Understanding GSTR-1: Overview, Deadlines, Penalties, and Filing Guidelines
GSTR-1 is a crucial monthly or quarterly GST return that details all outward supplies (sales) made by a taxpayer. It plays a foundational role in GST compliance, with its data flowing directly into the GSTR-3B summary return. This guide clarifies who must file GSTR-1, the relevant due dates based on turnover, and the penalties for late submissions. It also provides comprehensive information on how to correct any errors through amendments, ensuring accurate and timely compliance with GST regulations.

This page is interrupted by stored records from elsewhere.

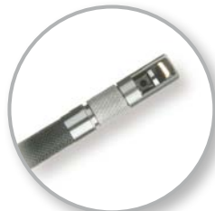
90° Prismenkopf (optional)
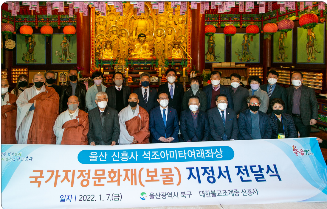
신흥사 국가문화재 지정서 전달식 (22.01.07)
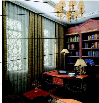
el despacho кабинет
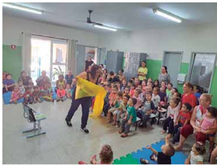
Atividades acontecem desde o bercário até o ensino fundamental I
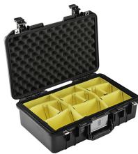
1485WD With Padded Dividers
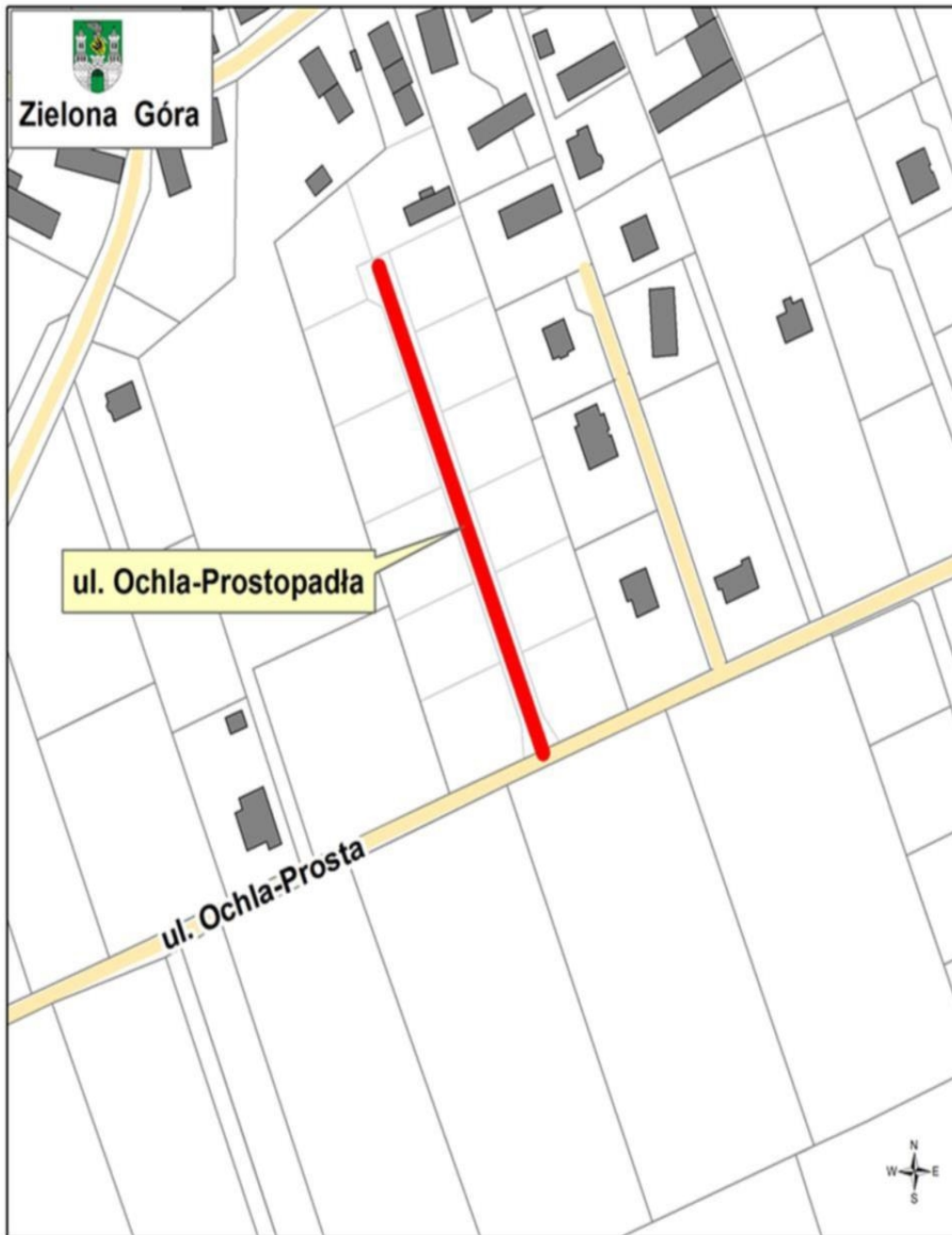
— - ul. Ochla-Prostopadła

GSTR-1 represents a monthly or quarterly declaration detailing a taxpayer's outward supplies, essentially all sales transactions. This initial return for a tax period incorporates most Business-to-Business (B2B) sales invoices and credit/debit notes automatically from the e-invoicing system. Taxpayers must also include summaries of Business-to-Consumer (B2C) sales and any reverse charge purchases subject to tax for the period. Accurate GSTR-1 submission is vital, as its data directly populates the GSTR-3B summary GST return. A recent advisory from GSTN, issued on October 29, 2025, urges taxpayers to submit any outstanding GST returns that were due three or more years ago and remain unfiled as of the November tax period. This means returns for periods like October 2022 (monthly), July-September 2022 (GSTR-1/3B Quarterly), FY 2021-22 (GSTR-4), and FY 2020-21 (GSTR-9/9C) will become unfileable starting December 1, 2025.
What is GSTR-1?
GSTR-1 is a monthly or quarterly return that must be filed by every registered GST taxpayer, with a few exceptions discussed later. It comprehensively details all outward supplies, i.e., sales. The return comprises a total of 13 sections as follows:
| Table No. | Details/information to be submitted |
|---|---|
| 1, 2 & 3 | GSTIN, legal and trade names, and aggregate turnover in the previous year |
| 4 | Taxable outward supplies to registered persons (including UIN-holders) excluding zero-rated supplies and deemed exports |
| 5 | Taxable outward inter-state supplies to unregistered persons where the invoice value is more than Rs.2.5 lakh |
| 6 | Zero-rated supplies as well as deemed exports |
| 7 | Taxable supplies to unregistered persons other than the supplies covered in table 5 (net of debit notes and credit notes) |
| 8 | Outward supplies that are nil rated, exempted and non-GST in nature |
| 9 | Amendments to outward supplies that are taxable and reported in table 4,5 & 6 of the earlier tax periods’ GSTR-1 return (including debit notes, credit notes, refund vouchers issued during the current period) |
| 10 | Debit note and credit note issued to unregistered person |
| 11 | Details of advances received or adjusted in the current tax period or amendments of the information reported in the earlier tax period. |
| 12 | Outward supplies summary based on HSN codes |
| 13 | Documents issued during the period. |
| 14 | For suppliers - Reporting ECO operators' GSTIN-wise sales through e-commerce operators on which e-commerce operators are liable to collect TCS u/s 52 or liable to pay tax u/s 9(5) of the CGST Act |
| 14A | For suppliers - Amendments to Table 14 |
| 15 | For e-commerce operators - Reporting both B2B and B2C, suppliers' GSTIN-wise sales through e-commerce operators on which e-commerce operator must deposit TCS u/s 9(5) of the CGST Act |
| 15A | For e-commerce operators - Table 15A I - Amendments to Table 15 for sales to GST registered persons (B2B) Table 15A II - Amendments to Table 15 for sales to unregistered persons (B2C) |
GSTR-1 Due Date
The due dates for GSTR-1 are determined by your aggregate turnover. Businesses with annual sales up to Rs.5 crore have the option to file quarterly returns under the QRMP scheme, with these returns due by the 13th of the month following the relevant quarter. Conversely, taxpayers who do not select the QRMP scheme or have a total turnover exceeding Rs.5 crore must file their return monthly, on or before the 11th of the subsequent month.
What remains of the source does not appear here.